Formal Analysis of Security Protocols

Many security protocols have appeared in the academic literature, with various goals, such as establishing a cryptographic key, or achieving authentication (where an agent becomes sure of the identity of the other agent taking part in the protocol). These protocols are supposed to succeed even in the presence of a malicious agent, called an intruder; this intruder is assumed to have complete control over the communications network, and so can intercept messages, and introduce new messages into the system using information from messages he has previously seen. Unfortunately, a large proportion of the protocols that have been suggested do not succeed in their stated goals!

The Security Protocol Research Group at Oxford University Computing Laboratory uses the process algebra CSP for the specification, analysis and verification of security protocols.

Our approach is based around the CSP model checker FDR. A small system running the protocol is modelled as a CSP process; the most general intruder who can interact with the protocol is also modelled as a CSP process.

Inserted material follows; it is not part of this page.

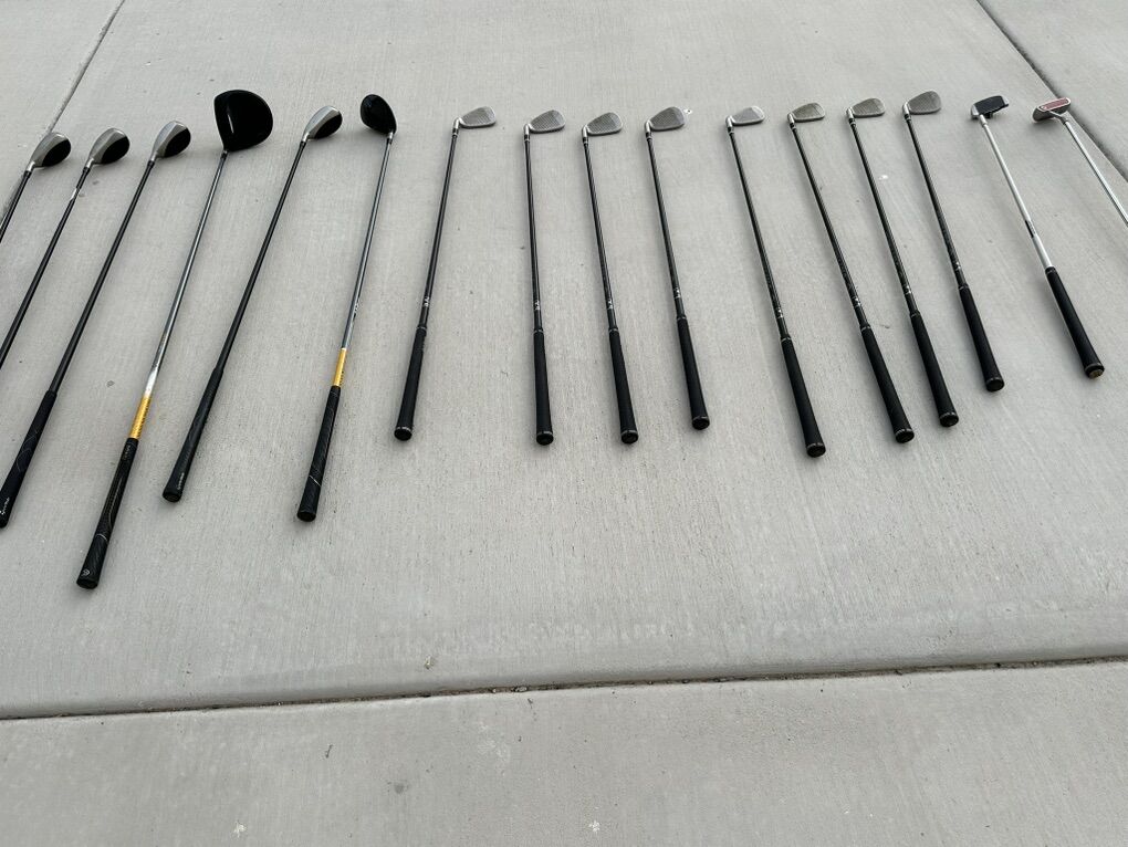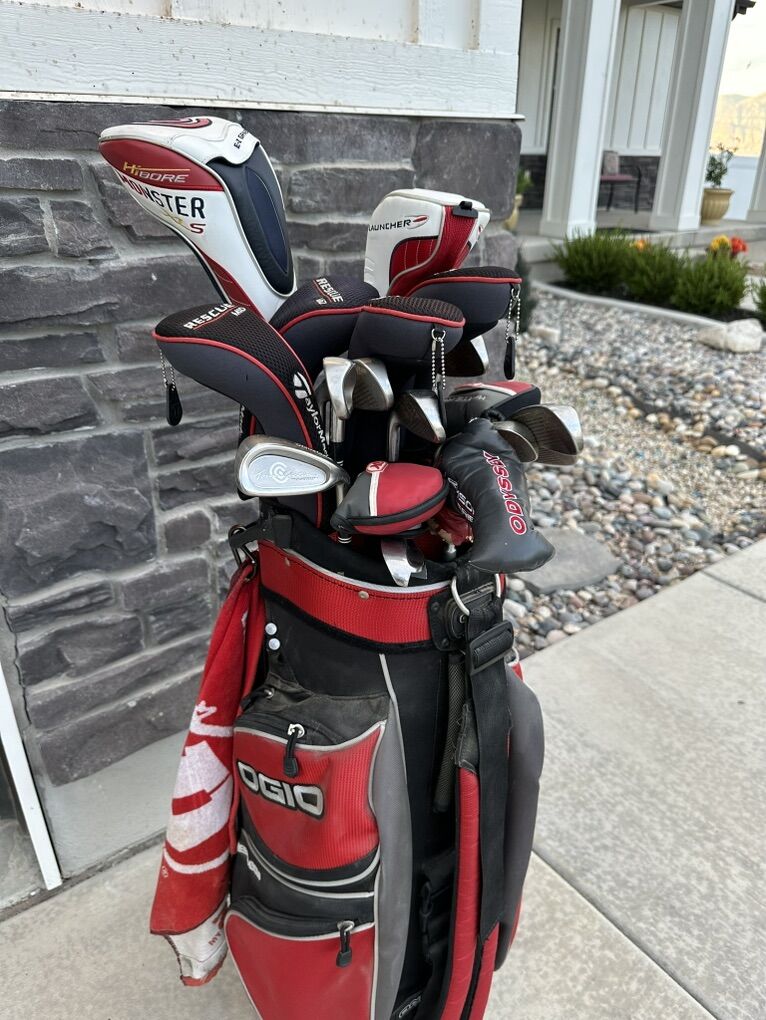 Complete set of golf clubs. Includes Cleveland Hi-Bore Monster XLS10.5 Draw Driver, Cleveland Launcher 5-Wood, Taylor Made Mid Rescue Clubs 2 16 degree, 3 19 degree, 4 22 degree, 5 25 degree, Cleveland Tour Action Irons 3-9, PW, Odyssey 37degree chipper, Odyssey XG #7 White Hot Putter, Ogio 8 pocket golf bag. Slightly used. Well maintained.

FDR is then used to test whether the resulting system satisfies various properties such as "ensures secrecy" or "achieves authentication". If it does not, FDR returns a trace of the system that causes the desired property to fail: this trace corresponds to an attack upon the protocol.

This approach has been applied to several protocols, and has produced a number of attacks.

In order to aid this analysis, we have developed a program Casper that generates the CSP description of the system from a more abstract specification.

It is often not clear precisely what an security protocol is intended to do; in particular, different researchers seem to mean different things by the word authentication. we have identified several different forms of authentication, and formalized them using CSP.

One weakness with the CSP/FDR approach is that it can only be applied to finite (typically small) instances of the protocol. This means that if no attack is found, there may still be an attack upon a larger instance. We are currently investigating under what circumstances it is enough to analyze only small instances: more precisely, we have discovered sufficient conditions under which if there is no attack on a particular small system, then there is no attack upon any larger system.

Many commercial protocols are rather large and complicated. This makes their direct analysis using CSP and FDR infeasible, because of the resulting explosion in the state space and message space sizes; it also makes any other form of analysis more difficult, because of the mass of details. We are therefore investigating safe simplifying transformations for protocols, that is transformations on protocols such that if there is an attack on the original protocol, then there is also an attack on the transformed protocol. The idea is, starting from a large, complicated protocol, to apply as many such transformations as possible, without introducing new attacks; if the resulting protocol is secure, then so is the original.